I have a set of multiple choice responses from a survey with 45 questions, and I've placed the correct responses as my first observation in the dataset.
In my DATA step I would like to set values to 0 or 1depending on whether the variable in each observation matches the same variable in the first observation, I want to replace the response letter (A-D) with the 0 or 1 in the dataset, how do I go about doing that comparison?
I'm not doing any grouping, so I believe I can access the first row using First.x, but I'm not sure how to compare that across each variable(answer1-answer45).

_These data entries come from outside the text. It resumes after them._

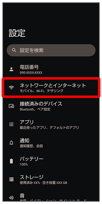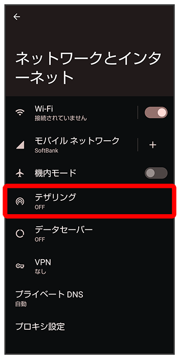 | Wi-Fiテザリング | Wi-Fi接続でテザリング機能を利用するかどうかや、Wi-Fiテザリングを利用するときのネットワーク名やセキュリティ、パスワードなどについて設定します。 |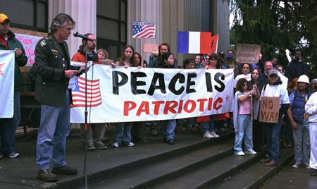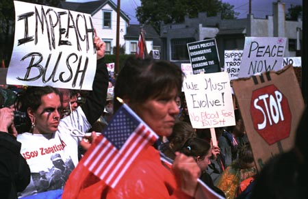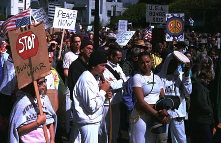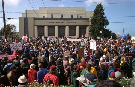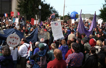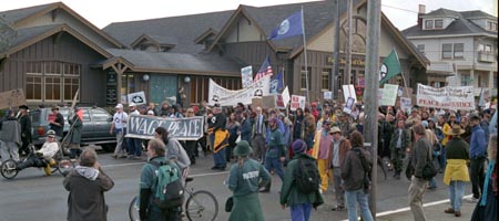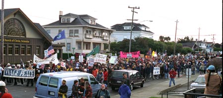 Thousands gathered to march against Bush's war machine and his administration's planned invasion of Iraq. The Eureka Times Standard estimated 2500 marched. Participants' estimates were higher.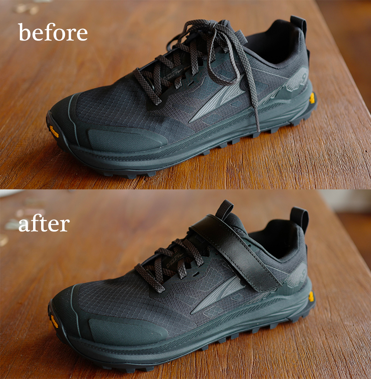 靴紐を毎回結ぶのが困難な方のために、マジックテープで締められるベルクロをお付けします。

| Id | answer1 | answer2 | ...through answer 45
|:-------------|---------:|
| KEY | A | B |
| 2 | A | C |
| 3 | C | D |
| 4 | A | B |
| 5 | D | C |
| 6 | B | B |
Should become:
| Id | answer1 | answer2 | ...through answer 45
|:-------------|---------:|
| KEY | A | B |
| 2 | 1 | 0 |
| 3 | 0 | 0 |
| 4 | 1 | 1 |
| 5 | 0 | 0 |
| 6 | 0 | 1 |
Current code for reading in the data:
DATA TEST(drop=name fill answer0);
INFILE SCORES DSD firstobs=2;
length id $4;
length answer1-answer150 $1;
INPUT name $ fill id $ (answer0-answer150) ($);
RUN;
Thanks in advance!
Here's how I might do it. Create a data set to PROC COMPARE the KEY to the observed. Then you have X for not matching key and missing for matched. You can then use PROC TRANSREG to score the 'X.' to 01. PROC TRANSREG also creates macro variables which contain the names of the new variables and the number.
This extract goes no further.